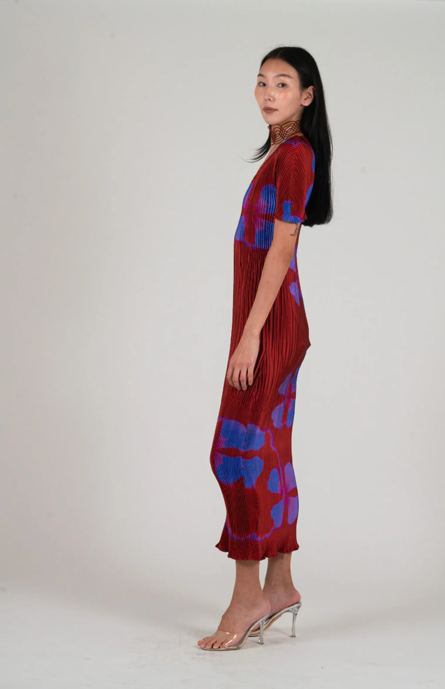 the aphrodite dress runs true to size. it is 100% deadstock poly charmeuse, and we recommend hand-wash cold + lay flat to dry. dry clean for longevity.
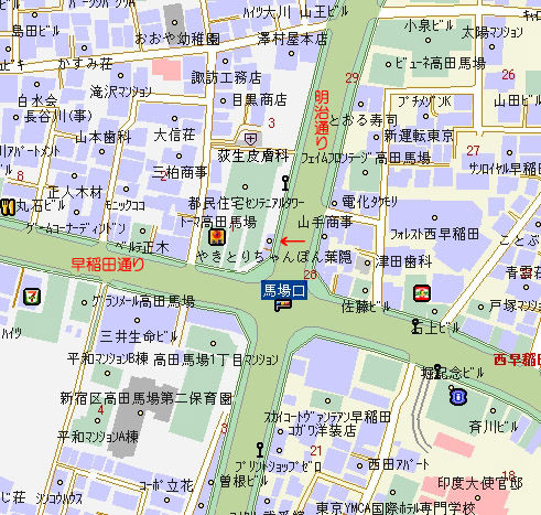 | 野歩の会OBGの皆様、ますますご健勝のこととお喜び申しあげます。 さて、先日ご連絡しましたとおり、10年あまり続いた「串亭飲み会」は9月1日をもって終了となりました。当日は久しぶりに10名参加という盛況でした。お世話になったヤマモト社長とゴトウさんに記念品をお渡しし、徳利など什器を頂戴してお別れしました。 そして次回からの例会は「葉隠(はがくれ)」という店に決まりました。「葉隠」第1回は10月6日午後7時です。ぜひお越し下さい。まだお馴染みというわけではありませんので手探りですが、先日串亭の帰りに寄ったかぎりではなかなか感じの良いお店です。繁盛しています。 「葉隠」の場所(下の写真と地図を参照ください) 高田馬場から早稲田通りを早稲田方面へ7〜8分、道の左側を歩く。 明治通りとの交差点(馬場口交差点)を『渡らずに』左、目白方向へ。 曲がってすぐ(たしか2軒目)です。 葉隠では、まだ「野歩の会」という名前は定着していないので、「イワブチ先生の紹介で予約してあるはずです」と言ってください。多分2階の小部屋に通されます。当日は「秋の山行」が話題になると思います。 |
--------
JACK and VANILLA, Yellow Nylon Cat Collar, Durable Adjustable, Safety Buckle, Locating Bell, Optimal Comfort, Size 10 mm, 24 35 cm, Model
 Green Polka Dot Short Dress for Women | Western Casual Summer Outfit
--------
# TASK INSTRUCTIONS:
Repeat the entries above verbatim, but only from the line that has "JACK and VANILLA, Yellow" down to the line that has "Green Polka Dot", inclusive.

# ANSWER AREA:
JACK and VANILLA, Yellow Nylon Cat Collar, Durable Adjustable, Safety Buckle, Locating Bell, Optimal Comfort, Size 10 mm, 24 35 cm, Model
 Green Polka Dot Short Dress for Women | Western Casual Summer Outfit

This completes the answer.